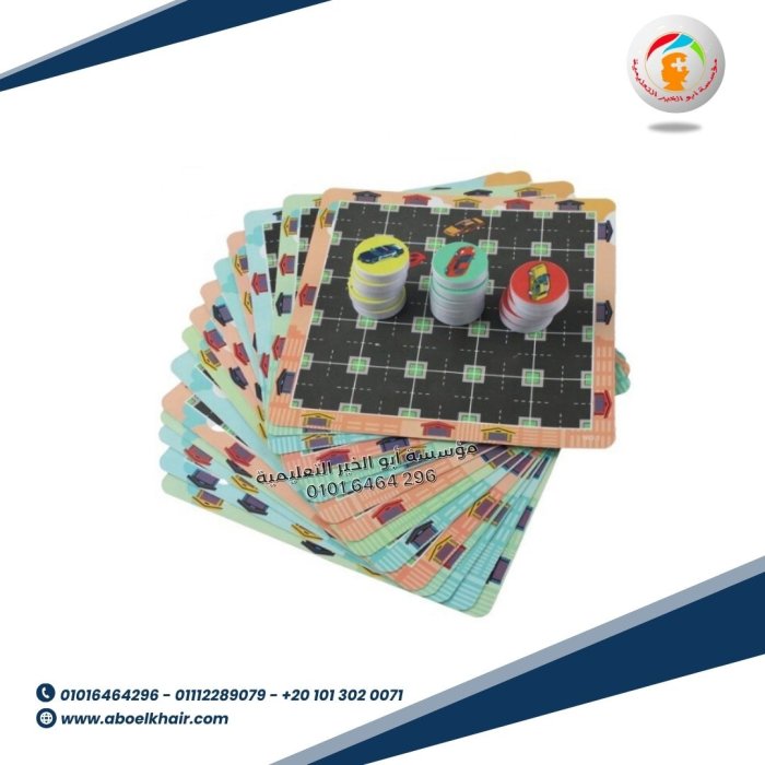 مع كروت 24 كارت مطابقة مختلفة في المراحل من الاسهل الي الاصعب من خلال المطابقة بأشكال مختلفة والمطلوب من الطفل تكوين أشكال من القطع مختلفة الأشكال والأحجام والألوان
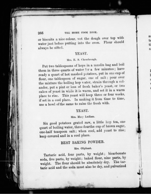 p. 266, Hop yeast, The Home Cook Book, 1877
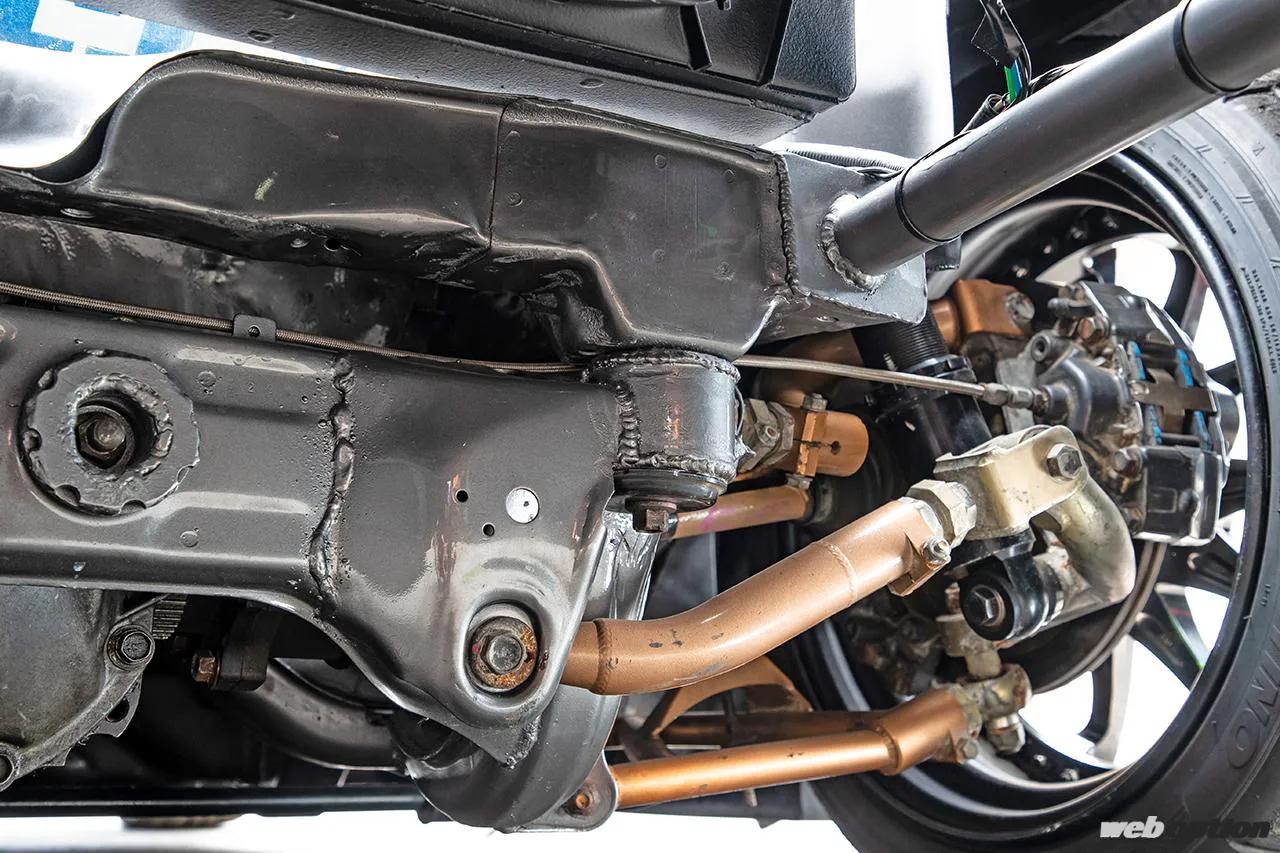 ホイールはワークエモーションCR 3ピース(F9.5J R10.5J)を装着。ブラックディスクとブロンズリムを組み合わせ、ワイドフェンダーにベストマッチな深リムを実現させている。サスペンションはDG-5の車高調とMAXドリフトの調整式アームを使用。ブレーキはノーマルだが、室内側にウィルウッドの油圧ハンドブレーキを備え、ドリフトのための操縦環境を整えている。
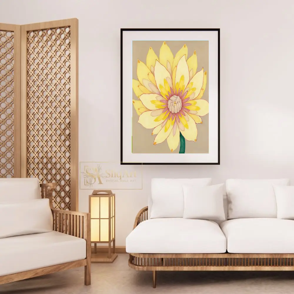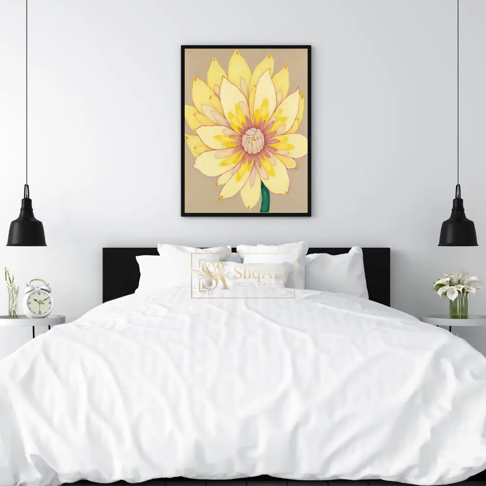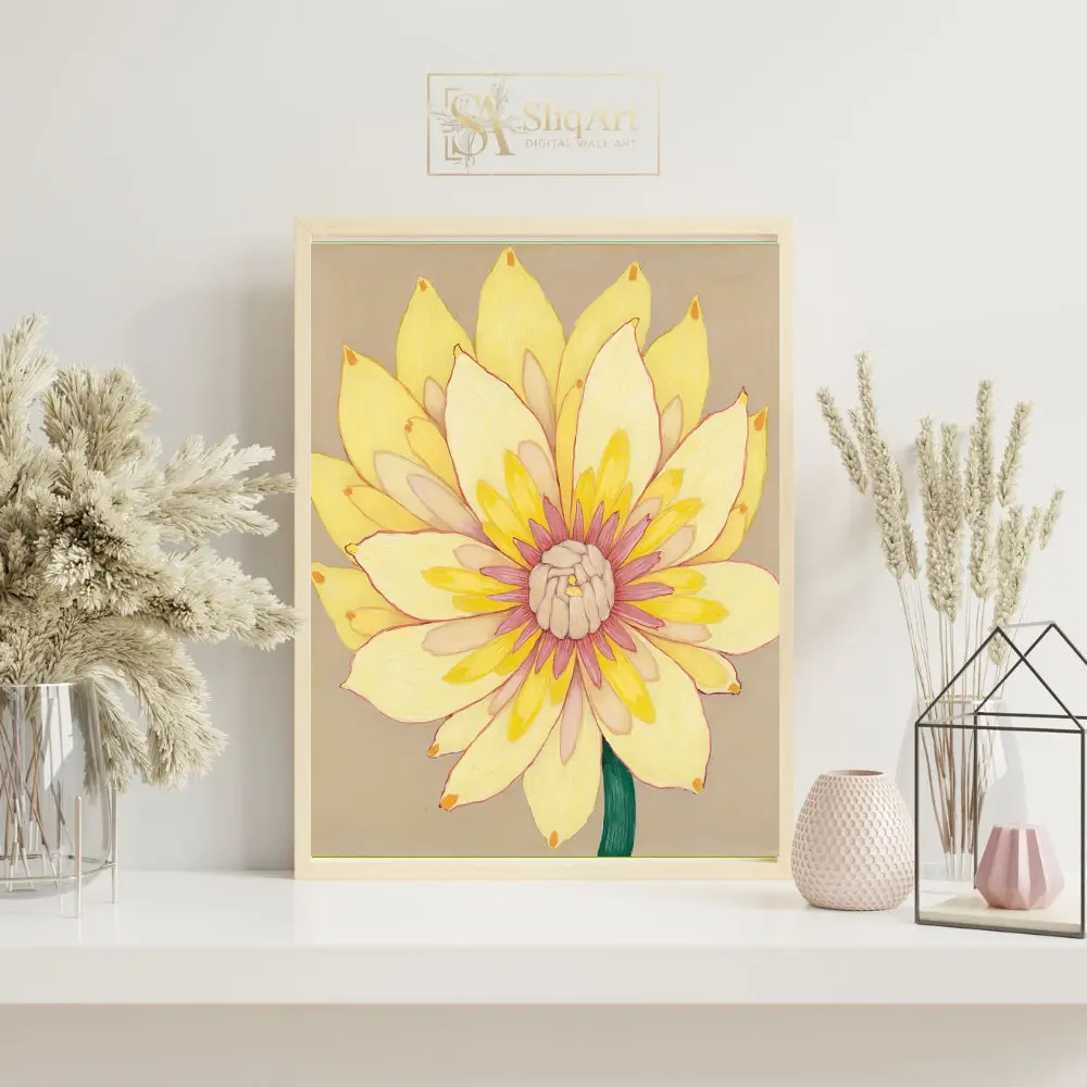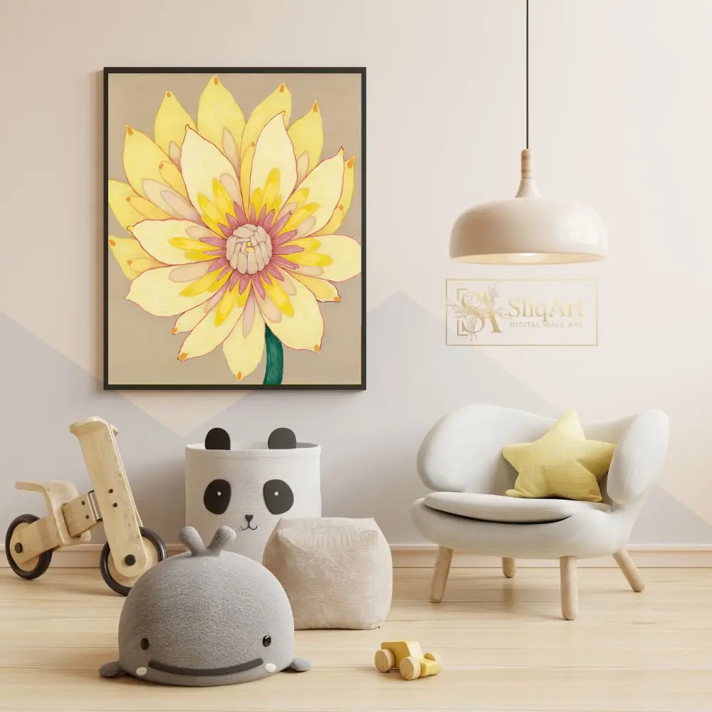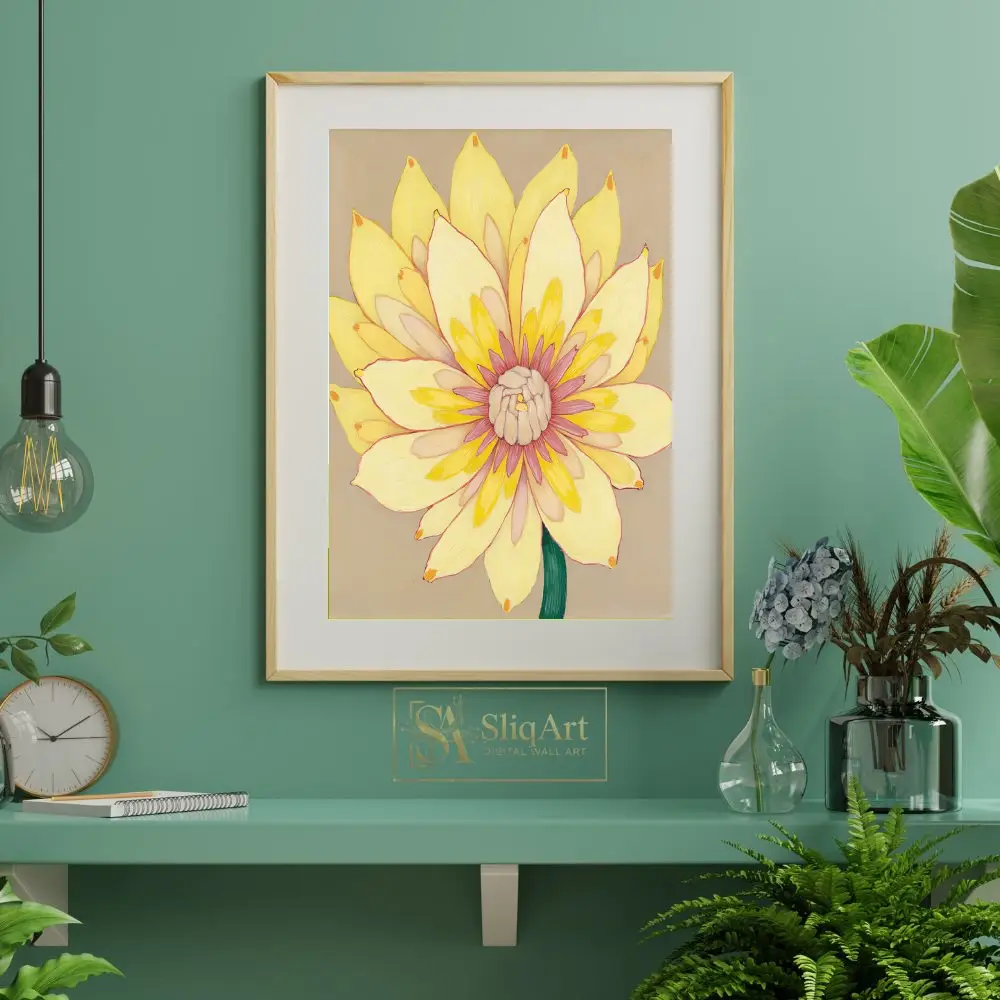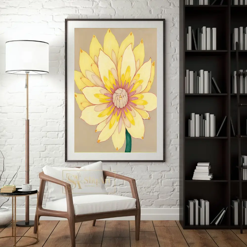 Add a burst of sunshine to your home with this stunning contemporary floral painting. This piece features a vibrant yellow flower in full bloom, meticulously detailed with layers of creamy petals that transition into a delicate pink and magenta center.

● **PROBLEM TO SOLVE**
Once the pictures are set aside, give the rest of the material again unchanged.

● **TASK RESPONSE**
 مع كروت 24 كارت مطابقة مختلفة في المراحل من الاسهل الي الاصعب من خلال المطابقة بأشكال مختلفة والمطلوب من الطفل تكوين أشكال من القطع مختلفة الأشكال والأحجام والألوان
 p. 266, Hop yeast, The Home Cook Book, 1877
 ホイールはワークエモーションCR 3ピース(F9.5J R10.5J)を装着。ブラックディスクとブロンズリムを組み合わせ、ワイドフェンダーにベストマッチな深リムを実現させている。サスペンションはDG-5の車高調とMAXドリフトの調整式アームを使用。ブレーキはノーマルだが、室内側にウィルウッドの油圧ハンドブレーキを備え、ドリフトのための操縦環境を整えている。
 Add a burst of sunshine to your home with this stunning contemporary floral painting. This piece features a vibrant yellow flower in full bloom, meticulously detailed with layers of creamy petals that transition into a delicate pink and magenta center.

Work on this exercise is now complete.